最悪の場合はリハビリの拒否のほか、医師やセラピストとの関係性が悪化してしまいます。
例えるなら、「勉強って何の為にするの?必要ないじゃん」と思い込んでいる子供に
「将来的に必ず自分の為になるから勉強しなさい」と言っているようなものです。
勉強なんて必要無いと思い込んでいる子供にそのようなことを伝えても効果はありませんよね。
アウェアネス(awareness)障害の階層構造・段階レベル
Bruce Crosson(1996)はアウェアネス障害を下記の3階層に区別しました。

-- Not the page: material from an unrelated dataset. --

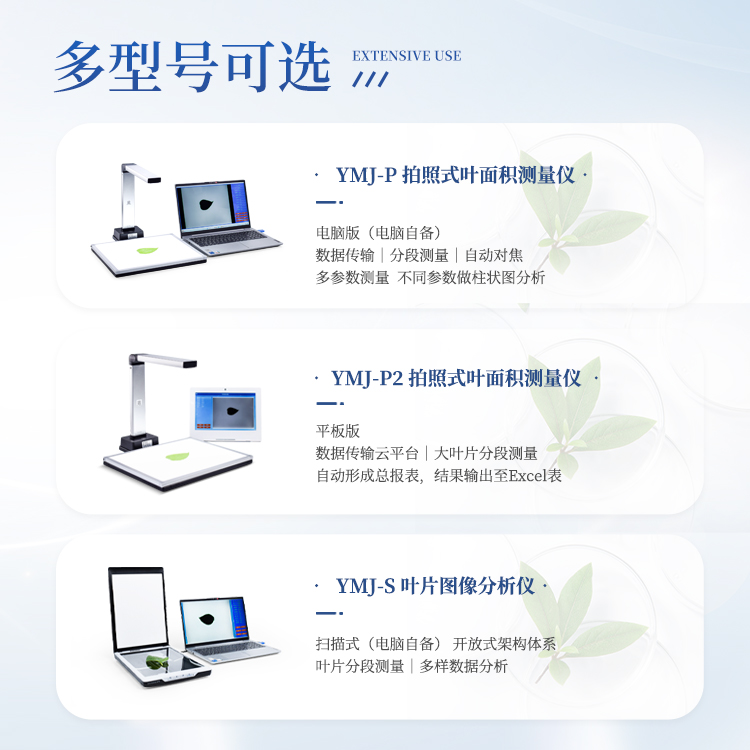简要描述: 叶面积测定仪YMJ-P2采用开放式架构体系,自由组合为田间便携式、实验室型等扫描的个性面积测量仪器,该仪器利用经过调校的图像捕捉设备获取高质量的叶片图形并运用专业软件精确分析计算叶片面积及其相关参数,广泛运用于植物生理学、植物生态学、植物病理学、农学、园艺和林学等学科。
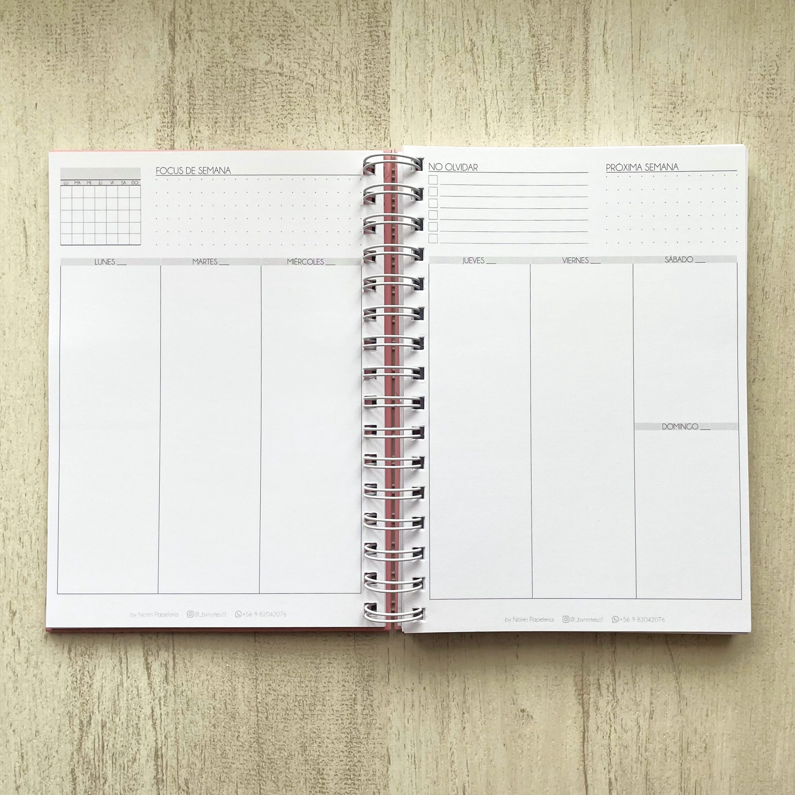 • ︎Vista semanal en dos páginas continuas con calendario mensual, «Focus semana», check list «No olvidar» «Semana siguiente».

・知的アウェアネス(intellectual awareness)
・体験的アウェアネス(emergent awareness)
・予測的アウェアネス(anticipatory awareness)
※ 予測的アウェアネスが一番高位なレベル
知的アウェアネス:障害に全く気付いていない~知っている段階
体験的アウェアネス:自分の体験と知識が結びついて障害を実感できている段階
予測的アウェアネス:それらを理解した上で問題が起きないように予測して行動する段階
アウェアネス(awareness)障害に対するアプローチ
個別アプローチ
高次脳機能障害という障害は一区切りには出来ません。
人それぞれ障害の程度が異なりますし、症状も異なります。
そのため、まず最初に評価を行いましょう。
評価を行うことで、現在の状態を把握することが出来ますし、関係性の構築にも繋がります。
また評価結果を本人にフィードバックすることで認識(知的アウェアネス)を促す効果があります。
フィードバックする際の注意点として、標準化という手法を用いると良いでしょう。
例えば「脳梗塞の後遺症として、○○といったことが起きる場合もある」とあくまで一般論として伝えることで、本人に現実を突きつけることなく、さらなる認識を促すことが出来ます。
また現状の問題や今後の問題に対して、どのような対応が好ましいのかを説明していき、少しでも本人や支援者が安心して日々の生活をおくられるようにすることが重要です。
その後は訓練を行っていく中で、本人が直面した問題に対してどのように対応していったのかなどを聴取し、知的アウェアネスを深めていきながら、併せて体験的アウェアネスへの理解を促していきます。
グループアプローチ
個人アプローチとは異なる効果が得られるのがグループアプローチです。
医師やセラピストが説明している際に、周りの人がメモを取り始めると、
これまでメモを取ることが無かった人もメモを取り出して書き始めたりする。
その他にも個別で対応している場合は、どうしても感情的になってしまうこともあるが、
集団の場合は、感情を抑えて客観的に自分の状態や助言を理解しようとする姿がみられる。
と、上記のようにグループアプローチは個人アプローチとは異なる効果が得られます。
グループの人数は4~6人といった少人数で、各々の体験談等を述べてもらうと良いでしょう。